In a way, his reflections about the walking movement in particular and performance art in general has an intimate dialogue with the journey of the Total Theatre Magazine Print Archive territory itself. The idea of mapping things in order to be part of them; to be provoked and to provoke; to share the experience and to compose in real time with the references and the elements we have in front of us.

I look at the archive as a site; a place which can be triggered by touches, drawing things out from the other side of this enchanted (art) world. Each one can drift on his own journey within it.

Wandering in this Total Theatre territory, we can be provoked (as the crab man Phil Smith is) to jump in and out – because the archive is a map in itself.

On this journey, I realised the value of the Topic as a ‘map inside the map’ that helps lost adventurers in the archive. On the other hand, I bring the idea of crossing over and taking wild gambits as an act of cutting the space (in this case, a virtual one) with the body (or the experience). This situation, without a defined route, brings me the quality of a drift that favours the adventurous, and the pilgrimage continues guided by the footsteps on the floor of those who have gone before us.

So, keeping pace with the walking artists brings me to a very odd experience,

’30 Days to Edinburgh’ (in 24-2, summer 2012 – the very last print edition of Total Theatre Magazine):

‘A Spaceman, a Cowboy and a Disco Dancer are going on a journey. A journey undertaken in the spirit of discovery. There’s a gig that they’ve got to get to and they’re the performers. The gig’s 468 miles away and they’ve only their feet to get them there; this will be 30 Days to Edinburgh.’

This action could become an extremely potent reference point to open a discussion about the state of the art of contemporary performance – subverting the idea of ​​art as a material object or product to be shared in time and space – particularly, subverting the commercialisation and ‘meat market’ aspects of the Edinburgh Fringe. But the company, Bootworks, did decide to create a kind of materiality that could be shared during the journey, and at the moment of arrival itself, with progress reports integrated into an installation set up at Edinburgh’s Summerhall venue, and the company delivering a performative lecture on the process at the end of the journey. But they were always insistent that the journey itself was the artwork…

This provokes me to think about a series of issues related to artistic processes and their forms of sharing, and to reflect on questions specifically connected to the walking movement, and walking as an artform in itself. Composing a shared experience bigger than the personal experience of the three men doing the walking, and the public whose paths they crossed, brought the opportunity for Bootworks to invent new ways to connect with their audience, including the possibility to create a new experience by distance, sharing in real time what was happening with them during the 30-day journey.

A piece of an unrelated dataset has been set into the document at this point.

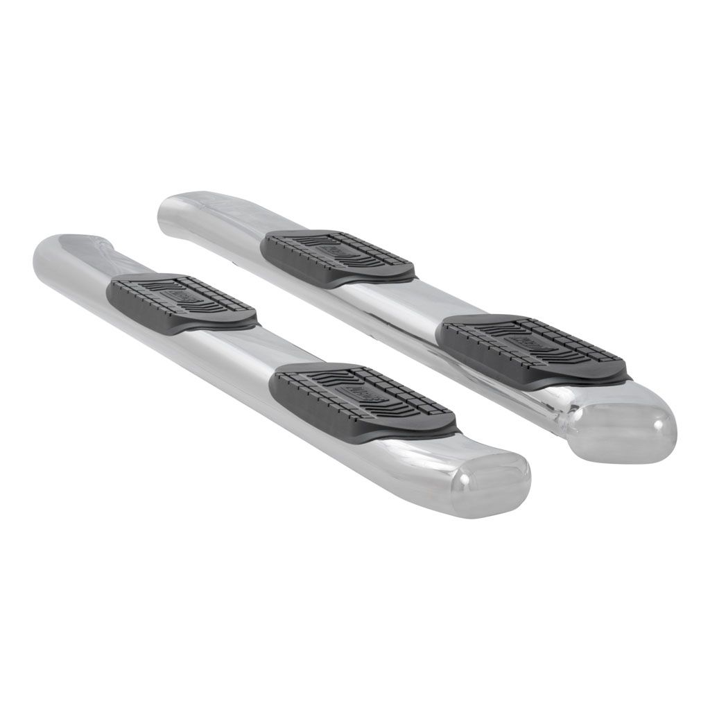 No other step combines bold surface area with a finished styling quite like LUVERNE 6" oval tubular nerf bars. These 6" x 3" ovals feature unique 30-degree bends in the front and rear and come with seamlessly welded end caps that are rounded off for a superior finished look and enhanced rust resistance. They feature extra-large step pads that provide 24" x 6" of comfortable, non-skid stepping area that safely cradles your foot. With two finish options in polished stainless steel or black powder-coated steel, LUVERNE 6" oval nerf bars allow you to enjoy deluxe footing that's customized to your vehicle.

We can see walking artists as part of an artistic movement that exists just for its own sake; but is also sometimes (as in this case) an inventive movement of new ways to process art, to dialogue between human creative experiences.

From this point, I decided to stop look back and understand the route I have taken through the Total Theatre Magazine Print Archive. I realised that what I have done during this article was to drift around this complex territory, using the Topics and Artforms listed in the Explore section as reference points to draw my own map of this experience; to jump in and jump out, between texts, images and reflections about art and shared experience.

So, I invite you to dive in – to take up the offer of a participatory experience that encourages everyone to create their own map, using the available clues to empower the adventurer-cartographer that lies within each of us.

Good luck, and happy drifting.

Marilia Ennes is co-founder and co-director of Paraladosanjos company, who make outdoor arts, circus-theatre and site responsive performance. They are based in Sao Paulo state in Brazil. Marilia is also a solo walking artist, and is currently researching her PhD thesis at UNICAMP university in Campinas.